Session FT 4.26
Legal water education
Barra Mexicana, Colegio de Abogados
Ilustre Colegio de Abogados de Madrid
American Bar Association
Comisión Nacional del Agua
The applicable Mexican legislation in the area of water is broad and complex, however, there are just a few institutions that offer courses in the area of legal education in the area of water in Mexico.
- Courts are often ill-equiped to handle water rights in a water basin that may involve many parties (large cities, Indigeneous people, governmental agencies, commercial and indutrial entities, and large irrigation districts)
- Creating a network of judges experienced in water related cases helps lessening the isolation they usually face to handle these cases.
- Judges are a demanding educationnal audience. Educating them to water related issues asks for appropriate conference and workshop faculty, with high-quality and balanced speakers.
- Funding issues for such educationnal system to be extended and sustained are crucial
- The difficulties in implementing legal water education are basically to gather a multidisciplinary team of professors highly specialised with experiences in topics of water
Key messages and orientations for action
- Continue, improve and expand water legal education
- Sessions on legal aspects at future World Water Forums must increase
Local Actions presented
Dividing the Waters
Mr John E. Thorso, American Bar Association
Dividing the Waters began in 1992 to provide educational services to judges and other judicial officers in the western United States who preside over general stream adjudications. General stream adjudications, pending in 17 western states, are comprehensive judicial proceedings to determine water rights in a water basin or other source of water. Some adjudications (as in Montana) involve all of the water rights and users in the state. Almost all adjudications involve the water rights of large cities, Indian tribes, federal agencies (e.g., National Park Service), commercial and industrial entities, and large irrigation districts. However, even individuals with small rights are involved. As such, these cases can involve hundreds of thousands of water rights and tens of thousands of parties. The cases may take decades to complete with transaction costs exceeding tens of millions of dollars.
Dividing the Waters has expanded to include other types of complex water litigation: interstate apportionment cases pending before the U.S. Supreme Court and presided over by Special Masters, litigation challenging water-related administrative actions (e.g., challenges to the water quality standards for the San Francisco Bay-Delta Region, challenges to the multi-faceted CALFED program), and litigation concerning reclamation projects.

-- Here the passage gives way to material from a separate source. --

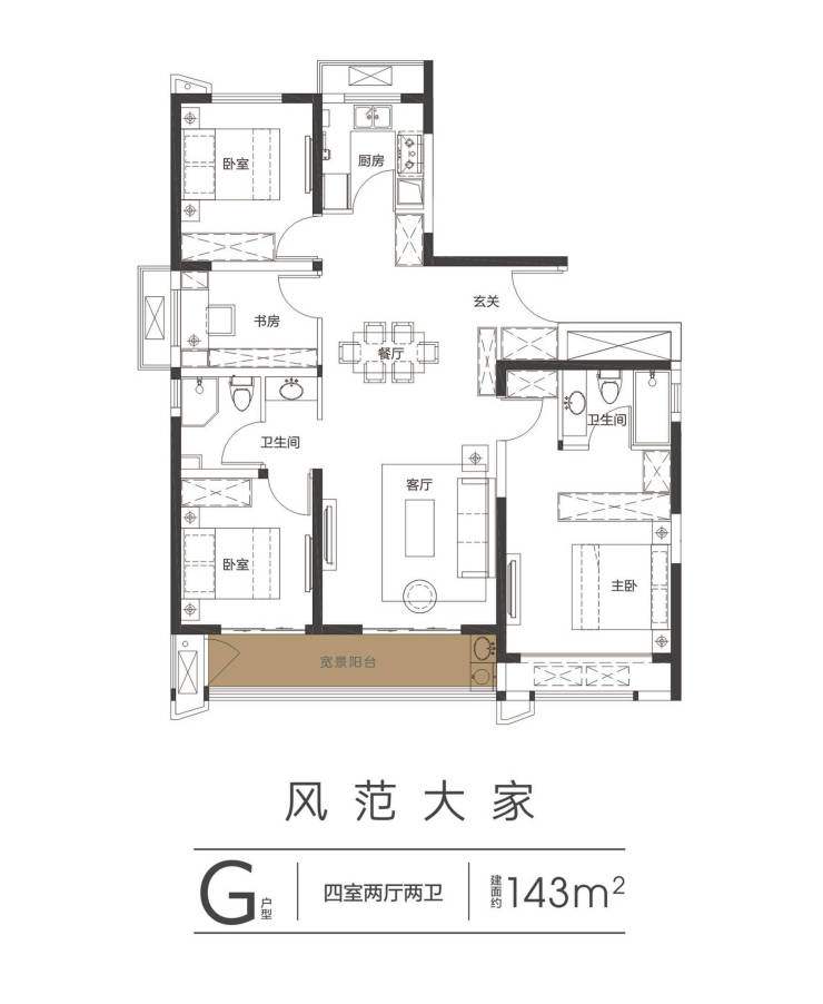 ④3米层高、1.8米宽大阳台,且多阳台赠送,约78%-82%高得房率。

Dividing the Waters originated to help judges assigned to complex water litigation better manage and decide these cases. We have attempted to use multi-faceted educational methods (conferences and seminars, technical consultations, web site and email, informal interactions, publications, shared opinions, telephone conference calls) to help these judges. We have worked to enhance the judges capacities to manage complex civil litigation, better utilize alternative dispute resolution methods, understand basic scientific principles in relevant areas (hydrology, modeling, surface and groundwater interaction, in-stream flows, endangered species and their recovery), and learn more in specialized legal areas (water law, Indian law).
Water Legal Education
Mr. Hector Herrerahat, Barra Mexicana, Colegio de Abogados
The applicable legislation to water in Mexico is broad and complex, however, there are just a few institutions that offer courses in the area of legal education in the area of water in Mexico. For the above, a problem was created for those interested in taking training, updating and specialization courses in that area, with a very poor offer of said courses. To attend that problem, the “Barra Mexicana, Colegio de Abogados, A.C.”, through its Continuing Legal Education Committee, organized a Postgraduate on the Legal Regime of Water in Mexico (76 hours in three months), which postgraduate was carried out in 2004 and 2005 and that, given the interest shown by those assisting and the few options for this necessary courses in Mexico, we will be continue with it year after year in an institutional manner. It is worth to say that, despite the profile of said postgraduate was mainly legal, in addition to the legal experts in the area, we also included as professors hydraulic civil engineers, biologists, chemical engineers, among others experts. The difficulties in implementing the activity were basically gathering together a multidisciplinary team of professors highly specialized with experience in topics of water. The claims of improvement before implementing the action (the Postgraduate Study) were mainly from the group of attorneys of the public and private sector, as well as from other professionals and associations of users of water interested on the subject. All of them claim for alternatives for training, updating, and specialization courses in the area of legal education in the area of water. The Postgraduate was carried out in 2004 and 2005 at the Auditorium of the “Barra Mexicana, Colegio de Abogados, A.C.” in Mexico City, with a capacity of up to 100 people. In 2006 it will also be carried out in said Auditorium. In that Postgraduate all those interested can participate, members and non members of the Mexican Bar Association. In that Postgraduate carried out twice we had an important participation of engineers and other professionals different that attorneys but interested in the legal education in the area of water.